BEGIN

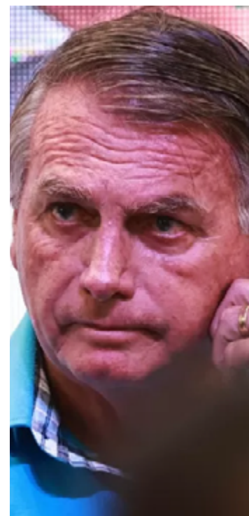
Jair Bolsonaro: no radar a candidatura ao Palácio do Planalto

Em novembro, Bolsonaro e seu candidato a vice, Braga Netto, ainda foram condenados por abuso de poder político, uso indevido dos meios de comunicação e conduta vedada a autoridades nas eleições. A Corte Eleitoral viu irregularidades na conduta dos dois nos eventos do Bicentenário da Independência, em setembro de 2022. Para os ministros, houve uso eleitoral das cerimônias públicas, no Rio e em Brasília.
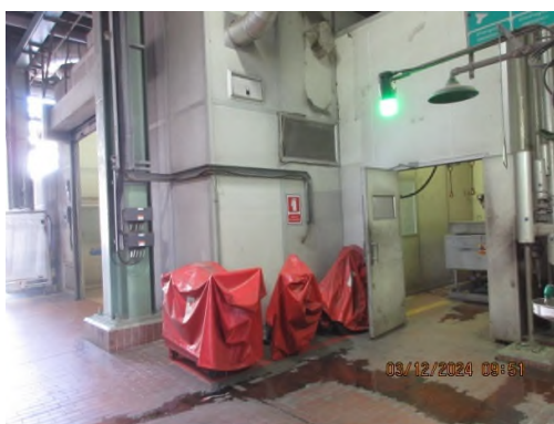
ภาพถ่ายที่ 2.2.2-23 บริเวณที่มีการติดตั้งอุปกรณ์ เพื่อลดความดังเสียงและป้องกันเสียง
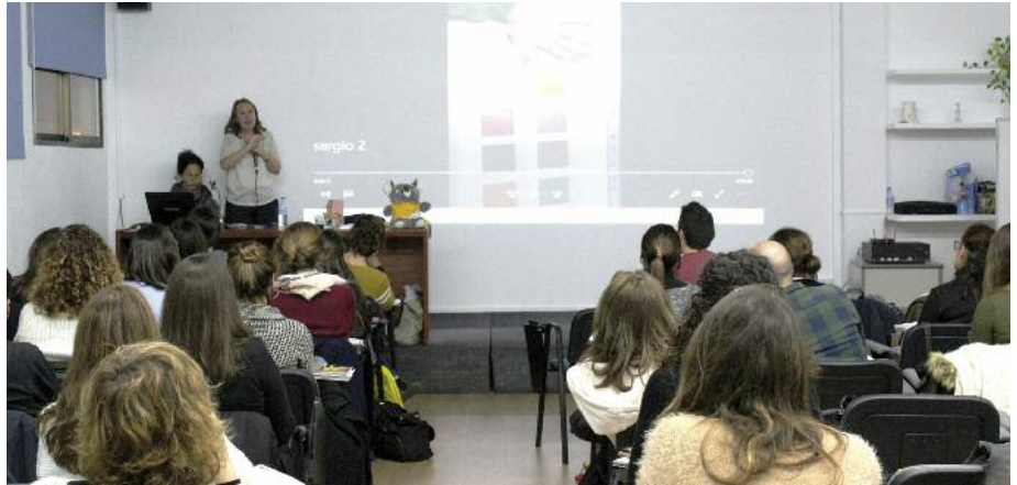
Curs UVAI a Mallorca.

L'objectiu de les accions formatives va ser oferir informació sobre la discapacitat
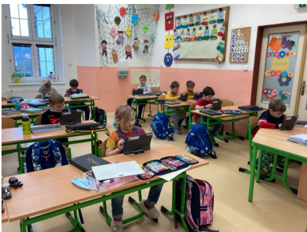
Obr. 7 – Tablety v 1.třídě

Naší snahou je beze zbytku naplňovat vše, co je uvedeno v našem vzdělávacím programu, což se
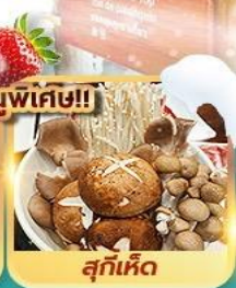
สุกี้เด็ด
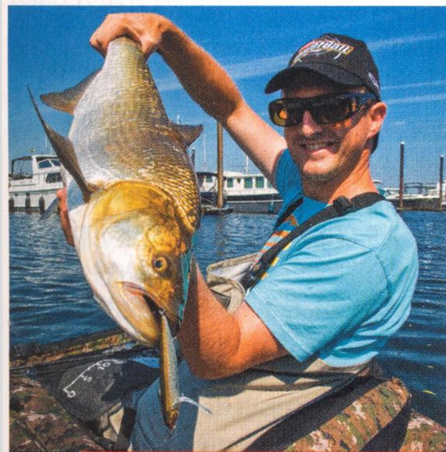
24 Knock-out na hladině
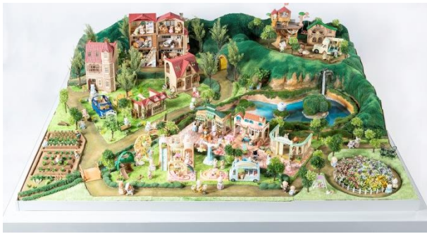
▲シルバニア村を再現した大型ジオラマ
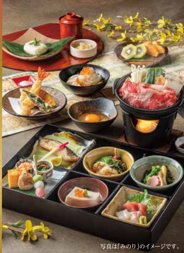
写真は「みのり」のイメージです。
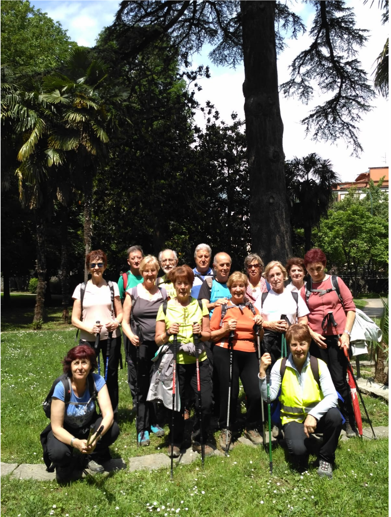
Leku berean, baina aitzindaria aginte makila eta guzti
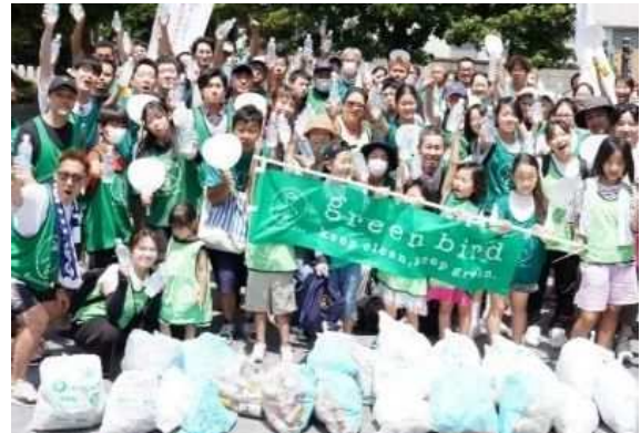
グリーンバード川崎駅チームとスターバックス コーヒー 川崎地区のパートナー同士による、市制100周年に向けて100人で行う清掃活動

END

Your objective: In the listing above, count each line that holds the word "Bolsonaro" and report the number alone.

Finished task: 2